Herr Nouripour, wie bewerten Sie, was in Kanada abgelaufen ist?
Die wichtigste Erkenntnis ist, dass das Weiße Haus kein gesteigertes Interesse mehr an internationaler Kooperation hat. Für einen Zusammenschluss wie die G 7 ist das eine bittere Nachricht.
Der zentrale Handelskonflikt ist nicht beigelegt, im Gegenteil. Trump hat mit der nachträglichen Absage an eine mühsam ausgehandelte Abschlusserklärung sogar noch mehr Öl ins Feuer gegossen.
Das ist ein diplomatischer Affront, aber leider nur ein weiterer auf der langen Liste von Trumps Tabubrüchen. Das Einzige, was Trump interessiert, ist Trump. Er macht keinerlei Unterschied zwischen Freund und Feind und behandelt die langjährigen Verbündeten in Europa nicht anders als China. Deshalb ist es umso wichtiger, dass nicht nur die Europäer, sondern auch andere Gleichgesinnte wie Kanada und Japan jetzt zusammenstehen. Der Westen muss sich neu definieren. Sicher wird es eine Zeit nach Trump geben, aber genauso sicher ist, dass es keine Rückkehr zum Status quo vor Trump geben wird. Er verändert dauerhaft nicht nur die politische Kultur, sondern auch die politischen Gewichte auf der Welt, vor allem zugunsten Chinas, das von der Schwäche des Westens am meisten profitiert.
Hat Trump aber zumindest recht in dem Punkt, dass er Russland – ohne die Sanktionen wegen der Ukrainepolitik infrage zu stellen – zumindest als Dialogpartner in ein G-8-Format zurückholen will?
In Sachen Russland sehe ich keinen Mangel an Dialog mit den Russen, sondern nur einen Mangel an Bereitschaft in Moskau, etwas für eine Rückkehr an den Tisch der G 8 zu tun. Sie wären bei einer entschlossenen Umsetzung des Völkerrechts in der Ostukraine und auf der Krim herzlich willkommen.
Einzelgänger Trump könnte schon bald einen Erfolg feiern, wenn er Frieden mit Nordkorea schlösse.

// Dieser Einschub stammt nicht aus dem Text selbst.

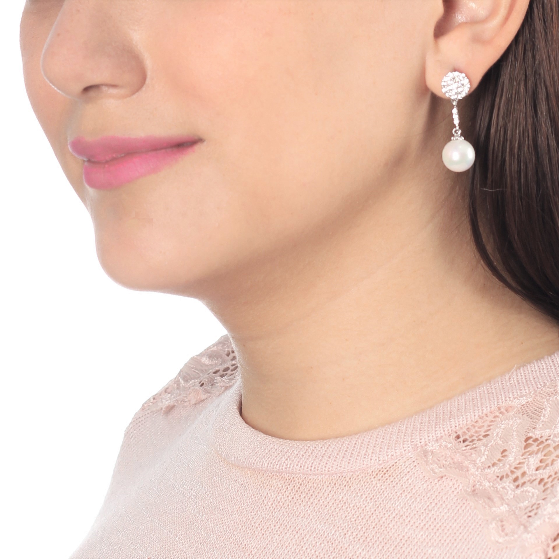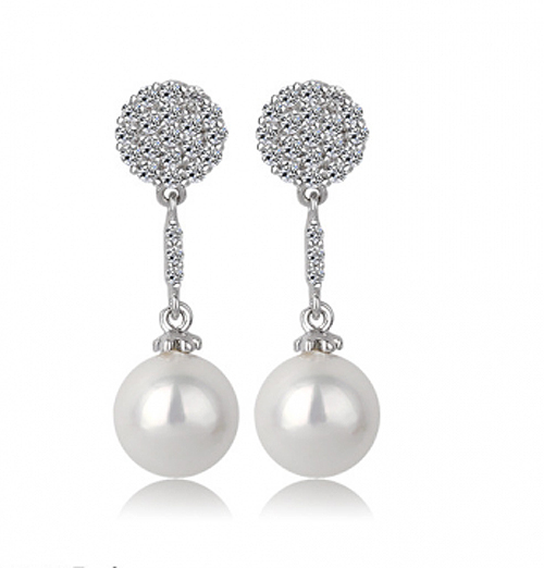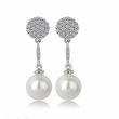 Hermosos aretes en baño de oro blanco de 18 quilates, con incrustaciones de cristales en color blanco y detalle de perla blanca. Fabricado en una estructura de aleación de platino con rodio sin níquel.

Wenn er ein atomwaffenfreies Korea erreicht, müsste man ihm gratulieren. Wenn Trump daraus aber den Schluss ziehen würde, mit der Androhung atomarer Gewalt auch den Handelskonflikt mit der EU lösen zu wollen, wäre das aber mehr als schlecht.
Bislang geht man stillschweigend davon aus, dass auch Trumps Amerika die Nato braucht und nur mehr Geld von den Verbündeten sehen will.
Es gibt mit Trump keine Selbstverständlichkeiten mehr, auch keine sicherheitspolitischen. Deshalb ist es so wichtig, dass Europa verteidigungspolitisch handlungsfähiger wird, was aber den Wert der Nato keineswegs kleiner macht.
Wie handelt Merkel in dieser Umbruchphase?
Gut ist, dass sich die Kanzlerin nicht provozieren lässt. Schlecht ist, dass sie immer nur von der Notwendigkeit redet, dass jetzt Europa gestärkt werden muss. Man muss sicher nicht alle Vorschläge Macrons teilen. Aber der französische Präsident hat auf jeden Fall eine Dynamik in den dringend notwendigen europäischen Erneuerungsprozess gebracht, die Merkel gerade abwürgt. Die emotionale Passivität, mit der Merkel auf Macron geantwortet hat, wird Bedeutung und Größe der Aufgabe nicht gerecht.